The tall man nodded thoughtfully. "It is clear that these two threats must be removed," he said.
"A successful commander," the other said, "uses his enemy's strengths against him. These two men represent our enemy's greatest strength; and I think I have devised a way to use them against each other. It requires but minor revisions in the great plan."
"Perhaps we should just have them removed," the tall man said. "Dead men cannot cause trouble."
"Dead men also cannot help," the other replied. "In my new plan the professor of mathematics and the consulting detective will unwittingly aid us. And then they will die. It will be humorous, no?"
"Show me!" the tall man demanded.
The other took out a small notebook. "Follow the scheme," he said. "See how the pieces fit together and one follows naturally from the one before. All culminating in the Supreme Act. It is elegant."
"Trace the steps," the tall man said.
"Listen!" the other commanded.
And he talked long into the night.
THIRTEEN — FLEET STREET
The moving finger writes…
— Omar Khayyam
London wears her history on her streets: the buildings, the facades, the monuments, the heroic statuary, the ornamental ironwork, the street signs, and even the paving stones. But especially the street signs. In any given mile, an average London street has only twelve blocks, but it can change names three times. As Oxford Street, for example, heads east, it becomes in turn New Oxford Street, Holborn, High Holborn, Holborn Viaduct, Newgate Street, Cheapside, and Poultry. And all of this in under two miles.

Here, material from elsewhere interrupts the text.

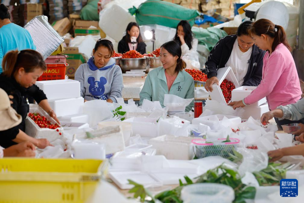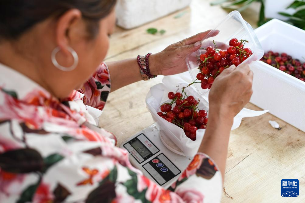 4月9日,工人在米易县普威林产品分拣中心分拣、称重樱桃。

Benjamin Barnett, used to the grid-pattern uniformity of New York or the great boulevards of Paris, found the zigzag maze of London streets a constant delight. Each street, sometimes each block, had its own character, its own air, its own voice. Barnett walked the streets as much as he could over the next few weeks, trying to attain that distinctive intimacy with the city that would make him a good reporter. To know London intimately, of course, would take years, and even then he would really know only that part of the city which had become his "beat."
But if he was going to do his job, to help the professor in his search for the abnormal, he was going to have to learn what was normal in this, the largest city in the world and the center of the world's greatest empire.
Learning what was accepted was not difficult: the standards were pretty much the same over the civilized world these last decades of the nineteenth century. But the uncivilized world did not begin in Asia or darkest Africa; it peered around the corner in Lambeth, it waited in alleys in the East End, it skulked along the wharves and docks fronting the Thames. So Barnett had to go beyond what was accepted; he had to know what was condoned, condemned, controlled, misunderstood, overlooked, winked at, persecuted, prosecuted, and ignored. In these places lies the job of a reporter. It is in the interconnection of these elements that news is created.